Japan warns of Red Army moves
| Tokyo
Japanese police believe that terrorist action by the extremist Japanese Red Army (JRA) during the Summer Olympic Games in Seoul is likely. ``Looking at the evidence,'' an official of the National Police Agency said, ``we are now moving on the premise that the Japanese Red Army may take action.'' Although the official made clear that there is no specific information regarding Red Army plans, he said the NPA believes ``the possibility that the Red Army may act is larger than the possibility they will not.''
The official said the police agency has no information to support recent reports that JRA terrorist teams may already have entered South Korea. He suggested that instead the JRA might attempt to hit an Olympics-related target in another country, including Japan.
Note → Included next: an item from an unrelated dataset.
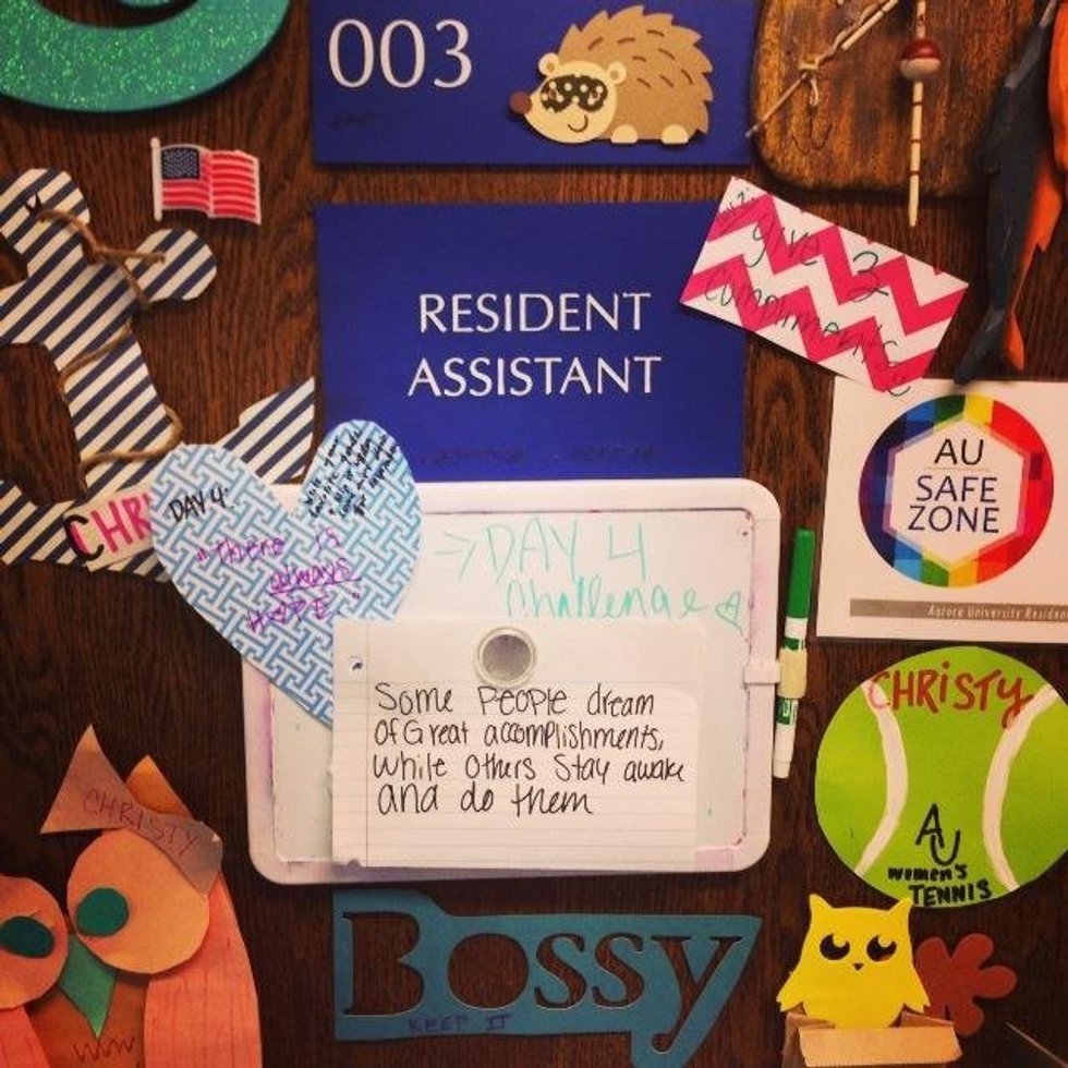 Giving your RA some lovin' could go a long way. It gets easy to assume they're just there to be there, but try using them as a resource and being there for them in return. Find out things you have in common with them or even learn about their major. This could help you A TON in the long run. If being an RA seems like something you would want to do, CHECK IT OUT! I promise, it is the most stressful, wonderful and rewarding decision one could make.

The cautious assessment of the Japanese police is based on intelligence about Red Army plans gathered over the past year. During that period four members of the international terror group have been arrested - two in Japan, one in the Philippines, and one in the United States. The members came from two different factions of the tiny but active underground group - one based in Lebanon and allied with Palestinian extremist organizations, and another, smaller group, of airline hijackers based in North Korea.
The information shows that the shadowy JRA, after a long period of dormancy, has been operating on a global basis, increasingly focused on East Asia. Japanese police say they have evidence of widespread movement in and out of Japan by JRA members, using doctored passports, and that the Philippines has also been a JRA base in the past several years. Documents in the possession of captured JRA terrorists have pointed to the Seoul Games as a target and JRA public propaganda has echoed North Korea's opposition to the Games. But Japanese police say the stepped-up security in Seoul may cause the group to pick other targets, including attacks on the embassies of South Korea, Japan, or the US in another Asian country. In the 1970s the Red Army resorted to taking hostages, usually Japanese embassy officials, to gain the release of imprisoned comrades. ``But they may not repeat the same actions,'' the police official warned. ``Maybe this time they may kidnap a VIP from a foreign country.''
On Friday, Japanese police authorities revealed evidence that the JRA masterminded the kidnapping of a Japanese businessman in Manila in late 1986, a crime previously believed to be the work of Filipinos. The giant Mitsui trading company reportedly paid a ransom of up to $3 million for the release of their Manila manager.
Beside disrupting the Olympics, Japanese police say, the prime objective of JRA action in coming weeks would be to free captured comrades, particularly Osamu Maruoka, the No. 2 leader of the Lebanon faction arrested in Tokyo last November.